Prompt engineering: By optimizing the structure of prompts, users can guide the model to focus on generating reliable information. Techniques such as adding context, providing explicit instructions to verify facts, or asking the model to “think step-by-step” (as in chain-of-thought reasoning) can significantly reduce the likelihood of factual inaccuracies.

Recent studies in LLM factuality

Researchers are developing new methods to improve the accuracy and trustworthiness of LLM outputs, particularly in real-world applications where factual consistency is critical. Below are some of the key recent developments in this space.

FACTSCORE

FACTSCORE is an advanced evaluation framework that assesses the factual precision of long-form text generated by LLMs. It focuses on breaking down generated content into “atomic facts”, evaluating each piece of information against a reliable knowledge source like Wikipedia.

Unlike traditional methods that rely on binary judgments, FACTSCORE allows for more nuanced, fine-grained analysis by evaluating the percentage of atomic facts that are accurate. It was used to evaluate models like GPT-4, ChatGPT, and public models such as Vicuna and Alpaca.

Despite GPT-4 and ChatGPT achieving higher factual precision than public models, they still produced factual inaccuracies.

LLM Factuality Diagrams- FACTSCORE

Original image source

SelfCheckGPT

SelfCheckGPT detects hallucinations in responses generated by LLMs, particularly in a zero-resource setting. Unlike traditional methods that rely on external databases or internal probability distributions, SelfCheckGPT uses a sampling-based approach to measure the consistency of multiple generated responses.

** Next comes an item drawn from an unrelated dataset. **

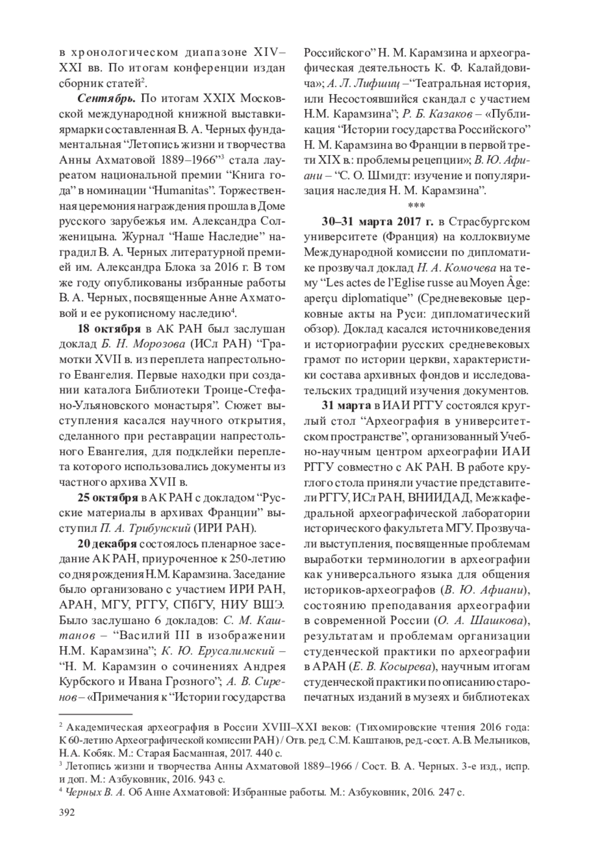 10. Туманик Е. Н. Состоялось Всероссийское совещание Археографической комиссии РАН // Гуманитарные науки в Сибири. 2019. Т. 26. № 3. С. 110-111. EDN: PWMOSV

The core idea is that if an LLM "knows" a fact, its responses will be similar across samples, whereas hallucinated information will vary between outputs.

LLM Factuality Diagrams SelfCheckGPT

Original image source

OpenFactCheck

OpenFactCheck is an advanced framework for assessing LLMs’ factual accuracy in a unified, customizable manner. It addresses two major challenges in LLM factuality evaluation: assessing free-form responses and the inconsistency in evaluation benchmarks across various studies. The key components of this framework include:

CUSTCHECKER allows users to customize automatic fact-checking systems to verify the accuracy of both human-written and LLM-generated content, with modules tailored to specific domain requirements.
LLMEVAL applies seven different benchmarks to assess LLM factuality and generates detailed reports that highlight weaknesses and suggest improvement strategies.
CHECKEREVAL ranks fact-checking systems based on accuracy, speed, and cost, helping to develop more efficient fact-checkers.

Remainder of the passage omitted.